The residents named the development Griot Village. A ‘griot’ is a storyteller who perpetuates the oral tradition and history of a village or family. There is a community center and computer stations.

Griot Village is a Project-Based Voucher housing estate, a subsidized housing program where Cuyahoga Metropolitan Housing Authority (CMHA) manages and provides rental payment assistance on behalf of low-income families. CMHA hired a Supportive Services Coordinator specifically to serve the new development whereby the families will receive supportive services to address their specific needs.
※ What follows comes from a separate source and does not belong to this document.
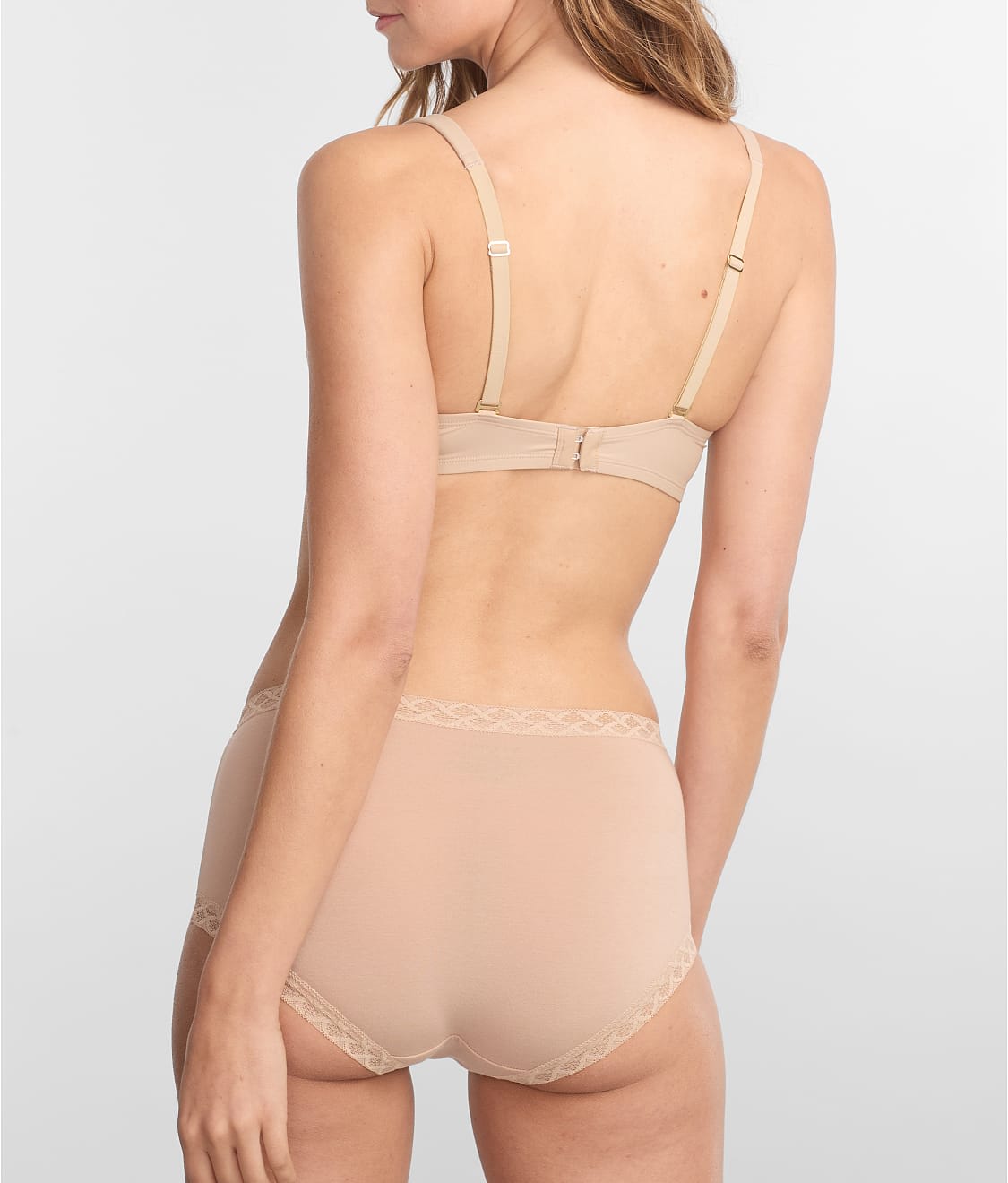 Body: 94% Pima Cotton, 6% Lycra Spandex. Lace: 84% Nylon, 16% Spandex.

The Coordinator provides intake, assessment, planning, coordination and implementation of community services that support economic development and service activities.

==Awards and recognition==
Griot Village is the winner of the National Association of Housing and Redevelopment Officials (NAHRO) 2014 Agency Awards of Merit.

The project won the 2014 Developments of Distinction Award: LIHTC Development that Best Exemplifies Major Community Impact given by Novogradac Journal of Tax Credits, which recognized exceptional achievement in the development of properties using the low-income housing tax credit (LIHTC), and/or tax credit developments using U.S. Department of Housing and Urban Development (HUD) financing.

In 2014, the Northeast Ohio Apartment Association (NOAA) recognized Griot Village with the highest award distinction, Platinum.

In April 2015, a production team from the U.S. Department of Health and Human Services visited Griot Village, to tape a video to be shown at the 2015 White House Conference on Aging.

In 2015, the National Association of Industrial and Office Properties (NAIOP) Northern Ohio Chapter recognized City Architecture and CMHA with the Multi-Family Architecture Award of Excellence for their work on Griot Village.